Instructions to follow:
The reply is to be the lines from the one with "Prvih 8 metrov" through the last line of the records below, each retyped exactly, with pictures left out.

Data for review:
::::::
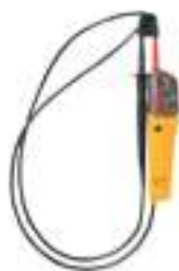
COMPROBADOR DE TENSIÓN
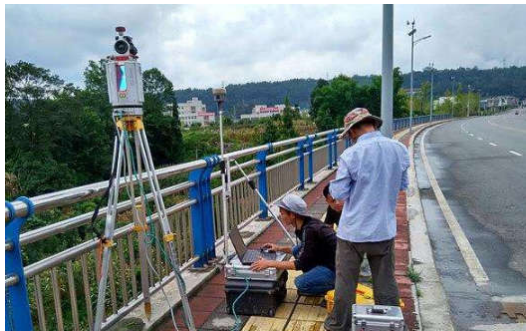
图3 三维激光扫描技术

主动的运用现代化的技术不是说盲目的引进, 应该要根据市场经济与水文勘察这一工作当下的实施情况开展对信息技术的引进与运用, 确保引进的技术可以更好地提升水文勘测这一工作的效率, 并且还可以给水利工程带来更多的经济效益, 如图3所示。
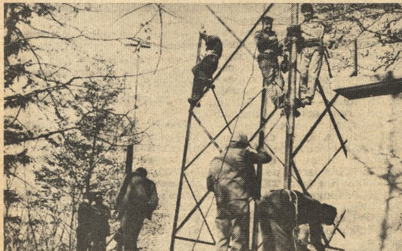
Prvih 8 metrov od 31 kolikor je stolp visok je montiranih
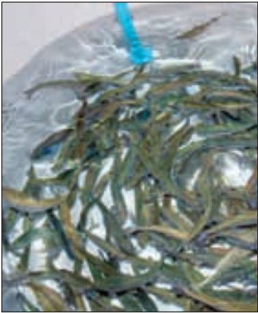
Slik ser laksen ut før den flyttes ut i sjøanleggene.
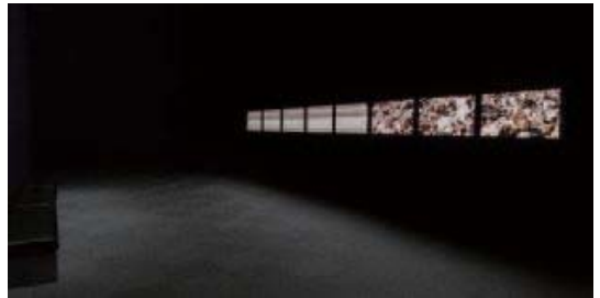
高谷史郎 〈Toposcan〉 2013年 その他のフィルム
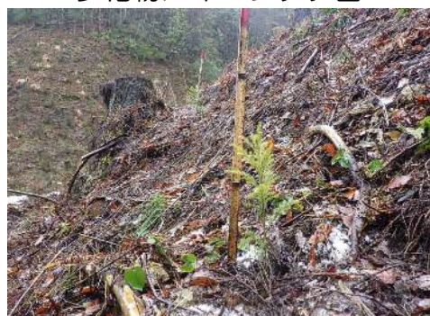
少花粉スギコンテナ苗
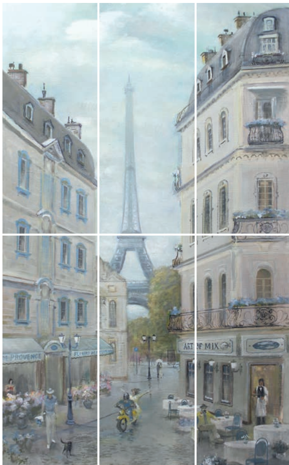
VB/A14/6x/7071 Кантри Шик Париж, панно из 6 частей 20x50 (размер каждой части) Country chic Paris, decorative panel
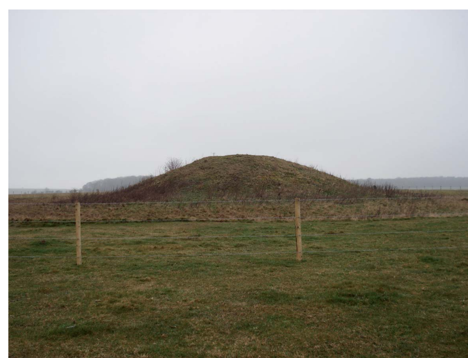
La nécropole de Normanton Down (Wiltshire) composée de monuments funéraires datant du Néolithique - les long barrows - et du Bronze ancien - ici un des round barrows
::::::
Task response:
Prvih 8 metrov od 31 kolikor je stolp visok je montiranih
Slik ser laksen ut før den flyttes ut i sjøanleggene.
高谷史郎 〈Toposcan〉 2013年 その他のフィルム
少花粉スギコンテナ苗
VB/A14/6x/7071 Кантри Шик Париж, панно из 6 частей 20x50 (размер каждой части) Country chic Paris, decorative panel
La nécropole de Normanton Down (Wiltshire) composée de monuments funéraires datant du Néolithique - les long barrows - et du Bronze ancien - ici un des round barrows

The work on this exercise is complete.